Jeff Bezos: The Biggest Media Schizophrenic on Earth
Ironically, it was around March 6, 2017 that the Washington Post first proudly printed its new slogan at the top of its front page: Democracy Dies in Darkness. Ironic because it was on that very day that Bezos’s first and still by-far-largest enterprise, Amazon.com, expunged over 155 history books in three languages and both formats (print and electronic) from its offerings on all its English-language sites. If democracy that day didn’t die at least on Amazon, what did die? Truth? Freedom of expression? In all its communication with the publisher of most of these books, Castle Hill Publishers, Amazon obdurately refused to explain its action any more than to say the books “violate its content guidelines.” [1]
The Washington Post, even in its online manifestation, remains a “newspaper”—a daily all-new publication of finite, or limited space where some potential “news” must be omitted on account of space limitations. Decisions on that score are one of the chief challenges of what is called “editing.” Presumably the Post does this in such a way as to shed the minimum of that democracy-killing darkness.

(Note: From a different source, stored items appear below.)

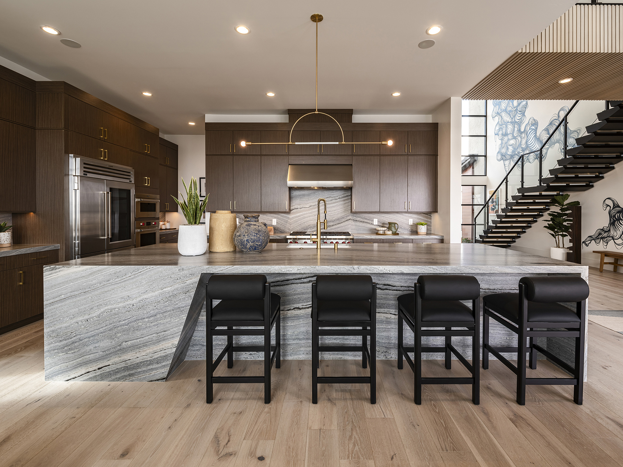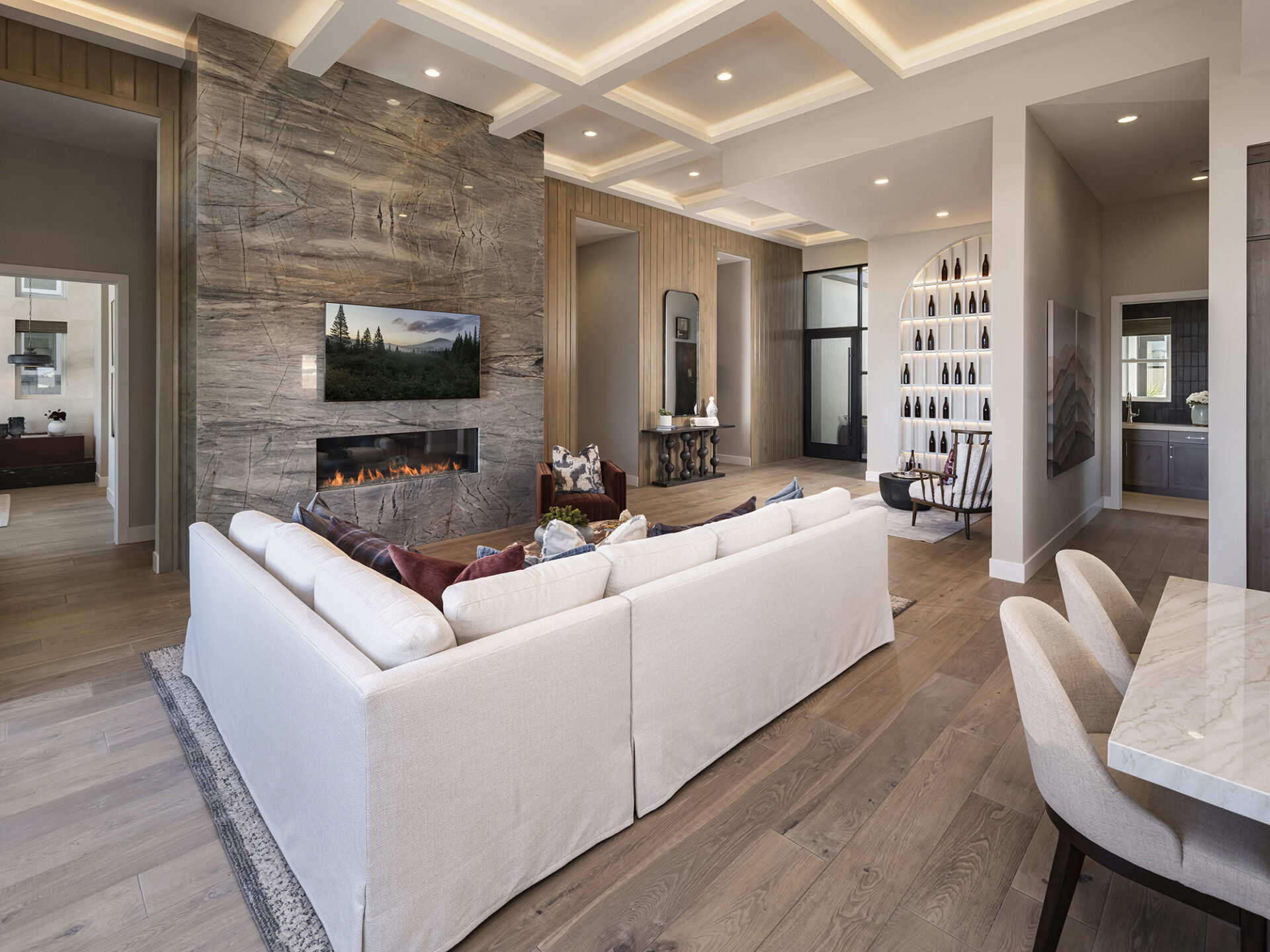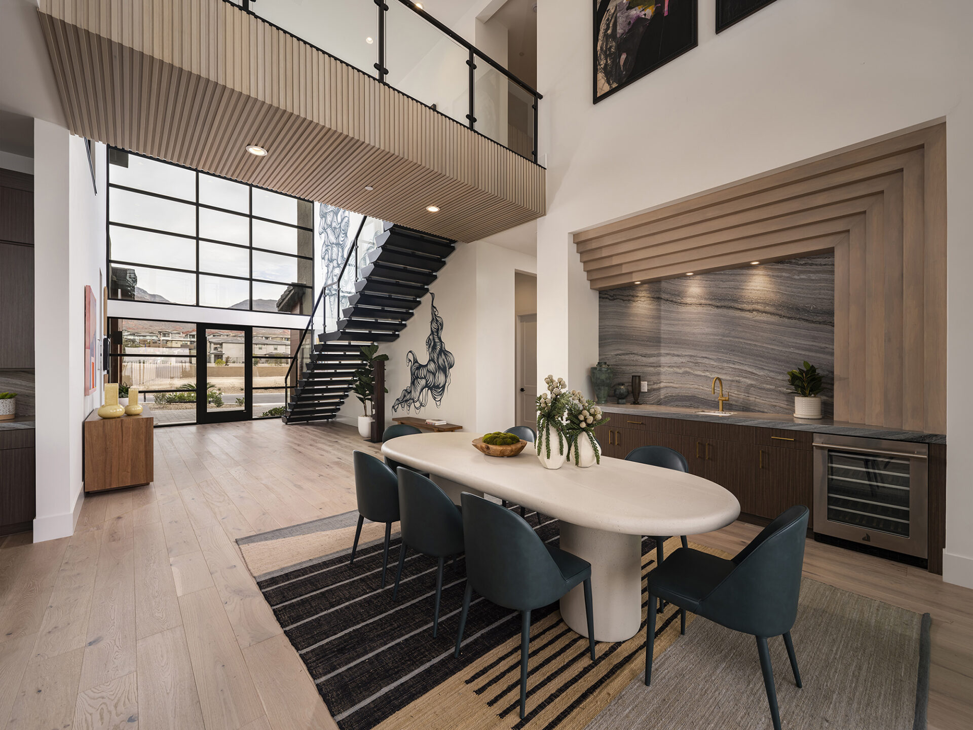 With experience from the design of several Summerlin developments, our team effectively navigated community guidelines and fielded requests from the review committee in finalizing previously entitled designs. Glenrock is built into a foothill, with significant grade changes from lot to lot. Our designers make use of the grade to terrace some of the homes for walk out basements with stunning views. There are eight floor plans, each with three elevations and ready-to-build options like front and rear storefront windows, flex rooms, custom kitchens, great rooms and additional bathrooms. The new community takes advantage of access to a private park and shared amenities of the Grand Park Village master plan.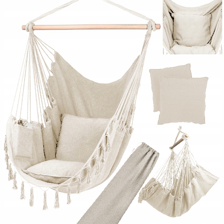 Сучасне, красиве та зручне підвісне крісло BOHO забезпечить незабутній відпочинок. Не потребує багато місця, чудово працює як підвісне крісло вдома, додаючи шарму інтер’єру, а також на відкритому повітрі в саду, на терасі чи балконі, а також під час подорожей.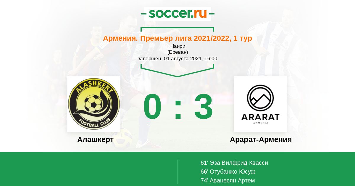 Протокол матча Алашкерт против Арарат-Армения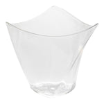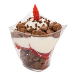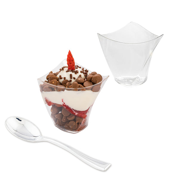 Elevate your culinary presentations with our Bundle: Mini Serve 100 4-ounce Clear Plastic Mini Crescendo Cups with 100 Silver Plastic 4-inch Mini Spoons. This bundle includes cups and spoons, providing a complete solution for plating miniature delights. Made from premium plastic, these appetizer cups and spoons are durable and do not crack or warp easily for reliable use. These clear plastic cups feature a twisted geometric design, lending an elegant touch to layered mousses, fruit parfaits, or ceviches. The shiny silver finish of these plastic spoons effortlessly enhance the presentation of tantalizing bites, from miniature tuna tartare to personal-sized strawberry shortcakes. These 4-inch spoons have sturdy handles and stand up to hefty scoops of polenta or gelato. Designed for convenience, these disposable cups and spoons can be discarded after for an easy cleanup. These dessert cups measure 3 inches in diameter by 2.75 inches in height and hold 4 ounces. Each order includes 100 cups and 100 spoons.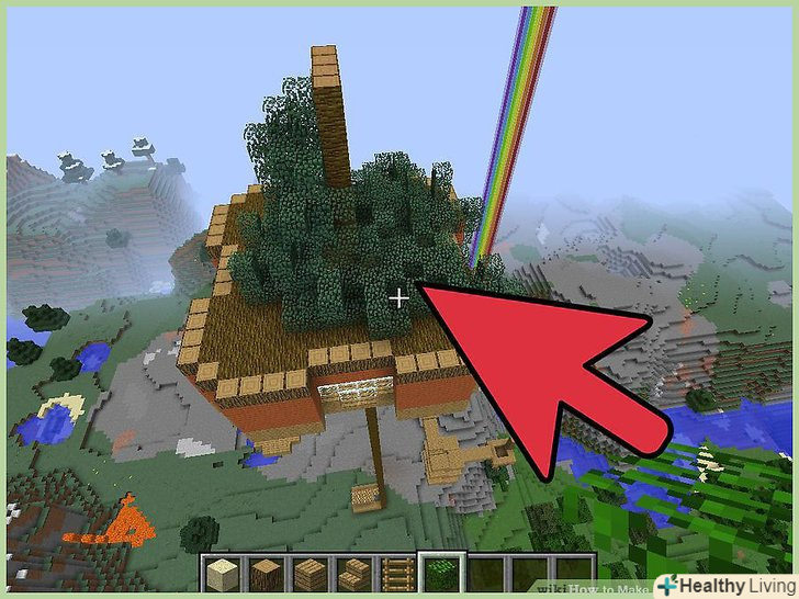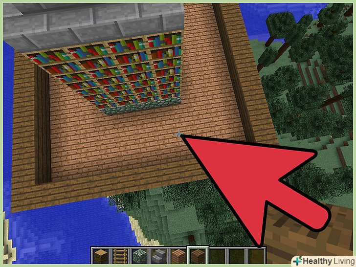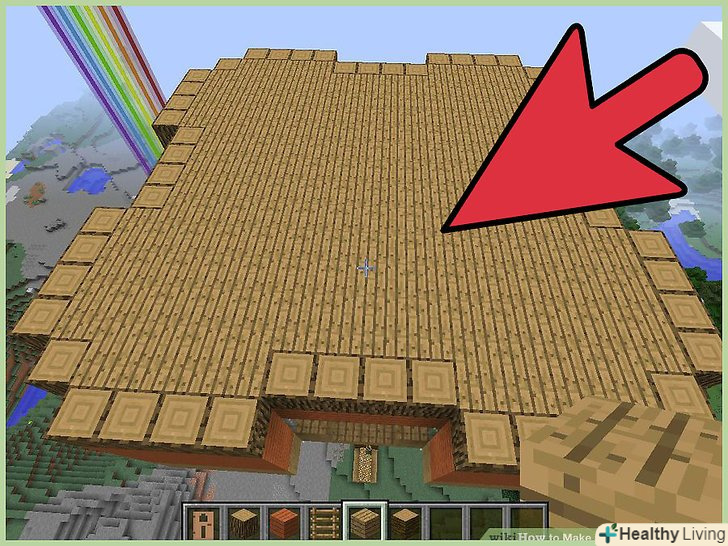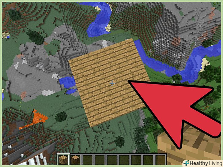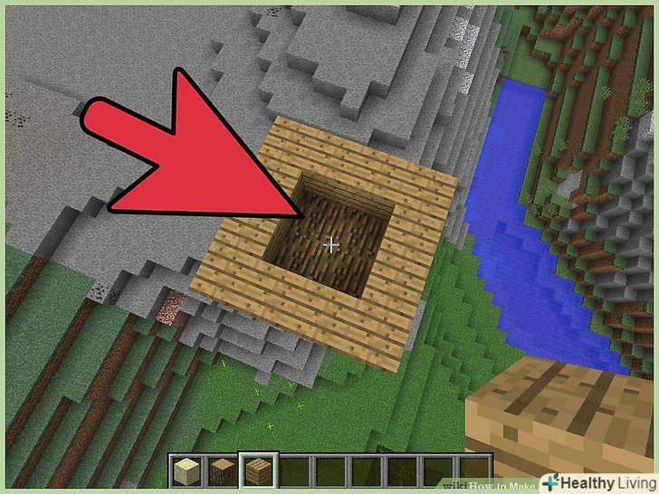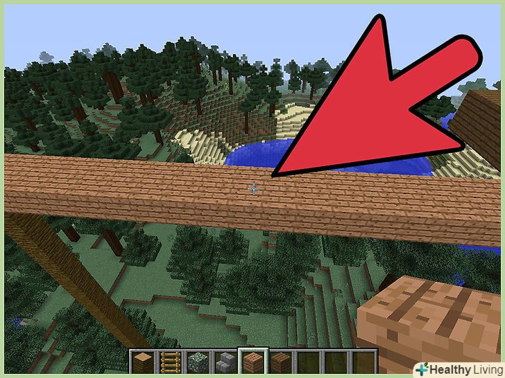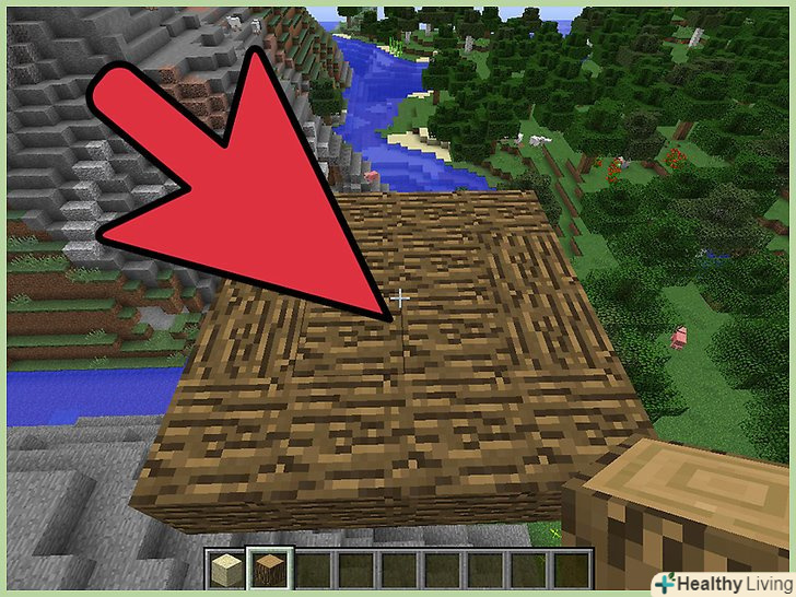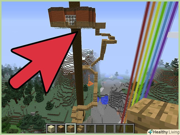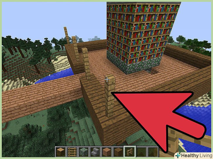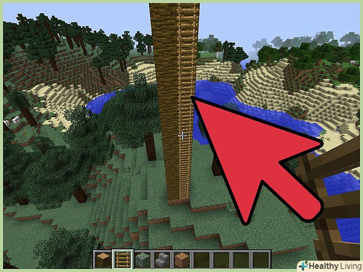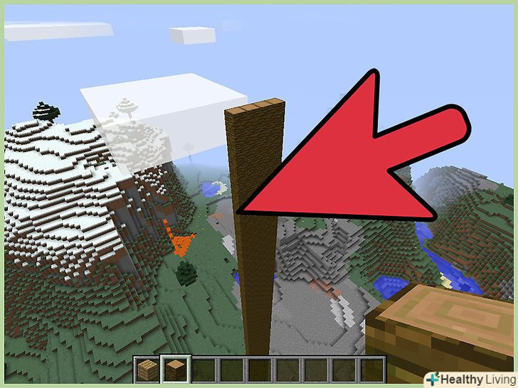 Зробіть з деревини, яку Ви ще не використовували на дошки, широку і високу порожнисту колону.будуйте її вгору, на висоту приблизно 10 блоків.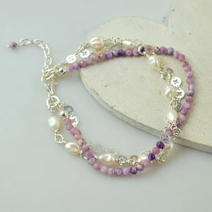 Delikatna bransoletka wykonana w całości ze srebra z czaroitem i perłami. Długość regulowana 20 - 23 cm. Biżuteria zostanie ozdobnie zapako ...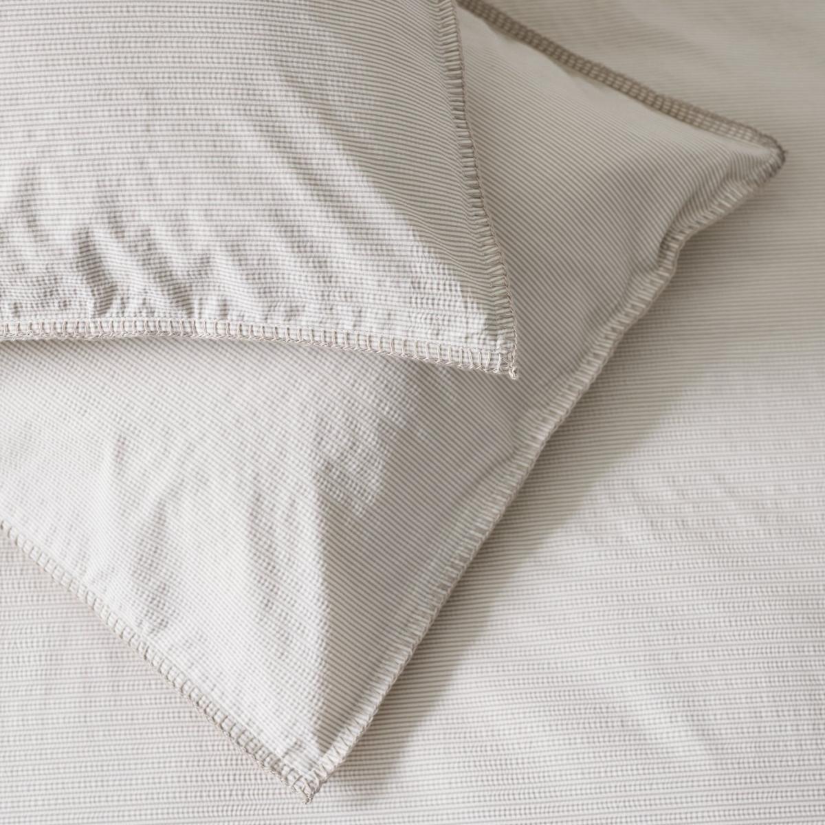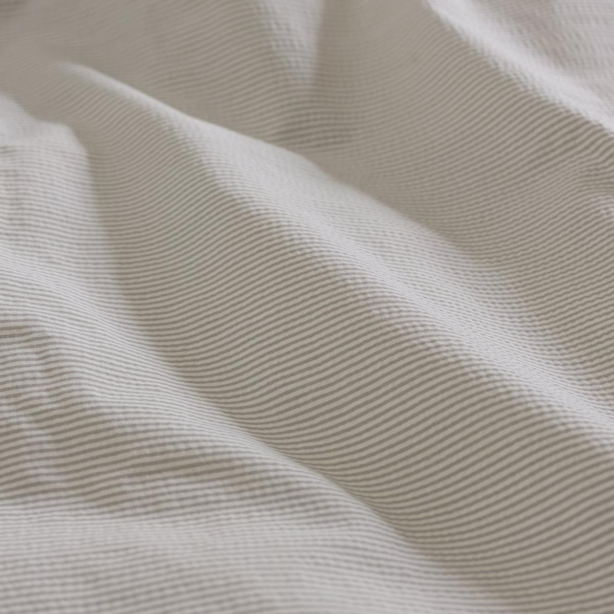 Settle in for the night with this striped seersucker super king size bedding set. Puffy and patterned, it'll add dimension to your bedroom. Finished in tactile blanket stitching for that boho rustic look. Just what you need for the cosy cottage core look of your dreams. Fabric finish: percale. 52% recycled polyester, 48% cotton. 144 thread count. Set includes 1 duvet cover and 2 pillowcases. Bed size: super king. Length 220cm, Width 260cm. Reversible. Buttons for fastening. Standard pillowcase (s). Pillowcase length 75cm, Width 50cm. Machine washable at 40 C. Suitable for tumble drying.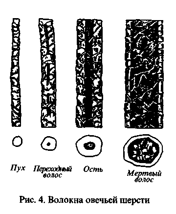 Рисунок 4. Основные типы волокон шерсти: пух, переходный волос, ость, мертвый волос.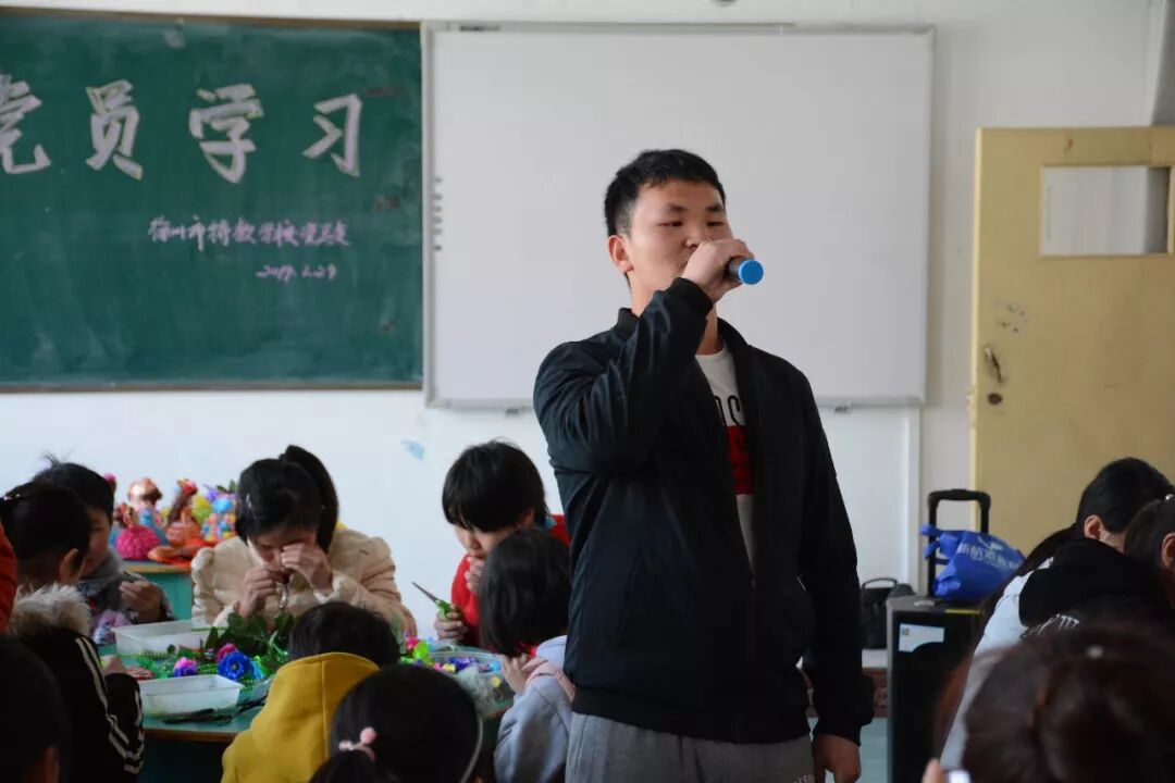 当日上午9点半,参加活动的志愿者和亲子家庭乘坐大巴来到特教学校。

Not so over at the Largest Bookstore on Earth where, as has been said also at Wikipedia, “it’s not paper”—that is, the list of books isn’t paper; never was, never will be; it can be expanded indefinitely. It’s a slowly accreting, essentially static (except for the occasional book-burning such as here discussed) list. But it is precisely in the Books (and Kindle Store) sections of Amazon.com where a decision that can only be called editorial was imposed last March to expunge titles Amazon had previously carried, some of them dating back well past 1998, when Bezos declared in a speech he gave at Lake Forest College[2] in Lake Forest, Ill. that he intended for his then-young Internet site to carry all books—“the good, the bad and the ugly.” Amazon retains this reputation from sheer inertia, but it obviously no longer deserves it. But because of it, the revisionist canon, of which not the slightest trace remains (not even used copies), have been made into what George Orwell might have called “unbooks.”
Amazon will soon open a “second headquarters” somewhere in the United States. My bet is on the Washington, DC area. When that second capital of Jeff Bezos’s empire has been established in the Imperial Capital, it should then be possible to travel in a short drive from where Democracy Dies in Darkness to Where History Goes to Be Buried. Can a “house” so divided against itself stand, as Lincoln might ask?
But perhaps it really isn’t divided against itself. Perhaps “Democracy Dies in Darkness” is merely window dressing, a red herring, a calculated lie. That would mean Jeff Bezos is hypocritical, or worse.
Much, much worse …
[1] The whole, ugly story is told at https://codoh.com/news/3412/. Names are named.
[2] Video of speech at www.c-span.org/video/?c4620829/jeff-bezos; remark at about 00:19:15.